Poly(I:C) and LL-37 can stimulate FGF2 expression in basal layer keratinocytes. A–D, immunofluorescence staining of human skin punch biopsies with IgG control (IgG) antibodies indicated no background staining in basal keratinocytes. Anti-FGF2 antibodies detected low levels of FGF2 expression in basal keratinocytes of untreated control tissue (Ctrl). Tissue incubated with LL-37 (LL) or poly(I:C) (P(I:C)) had increased FGF2 expression in basal keratinocytes. Tissue co-incubated with poly(I:C) and LL-37 (LL/P(I:C)) had increased FGF2 expression compared with individual treatments. E and F, qPCR measurement of FGF2 and HBEGF from HDMECs using the treatment protocol described in Fig. 1. G and H, qPCR measurement of FGF2 and HBEGF from fibroblasts protocols described in E and F. Staining was performed on replicate punch biopsies of human skin from Fig. 2. The dotted line denotes the boundary between epidermal basal layer keratinocytes and the dermis. The scale bar represents 50 μm. p values were calculated by one-way analysis of variance. Data are mean ± S.D. of biological replicates, n = 3, and are representative data from at least three independent experiments. Error bars represent S.D.

FIGURE 5.

Small ncRNAs induce growth factor expression. A, C, and E, qPCR measurement of FGF2, HBEGF, and VEGFC from cDNA created from 500 ng of RNA isolated from NHEK cells 24 h after the addition of 1.0 μg/ml ncRNA U1 (U1), 1.75 μm LL-37 (LL), or co-treatment with 1.0 μg/ml ncRNA U1 and 1.75 μm LL-37 (LL/U1). B, D, and E, ELISA of supernatant of fibroblasts treated in E and F. p values were calculated by one-way analysis of variance. Data are mean ± S.D. of biological replicates, n = 3, and are representative data from at least two independent experiments (ELISAs) or from four independent experiments (qPCR).
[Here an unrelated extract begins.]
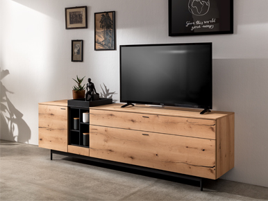 STYLE bricht als Solist in Balkeneiche natur den typischen Wohnwandgedanken auf.

Samples not detected by ELISA are indicated by the abbreviation N.D. Error bars represent S.D.

FIGURE 6.

LL-37 affects multiple signal pathways and has synergy with poly(I:C) in stimulating the NF-κB pathway. A, keratinocytes were pretreated with LL-37 followed by stimulation with poly(I:C) for 2 h before cells were harvested for immunoblotting analyses using antibodies against phosphorylated and total forms of the following proteins: p38, AKT, IKK, NF-κB, and ERK. B–E, keratinocytes were preincubated with either p38, IKK, EGFR, or an endosomal inhibitor for 30 min prior to stimulation with 4 μm LL-37 (LL) and 0.1 μg/ml poly(I:C) (P(I:C)) for 16 h before RNA was isolated and FGF2 mRNA was quantified via qPCR. F–I, siRNA knockdown was performed on keratinocytes 72 h before stimulation with 4 μm LL-37 and 0.1 μg/ml poly(I:C) for 16 h before cells were collected, RNA was isolated, and qPCR measurements were performed. p values were calculated by two-way analysis of variance. Data are mean ± S.D. of biological replicates, n = 3, and are representative data from at least two or more independent experiments. Error bars represent S.D.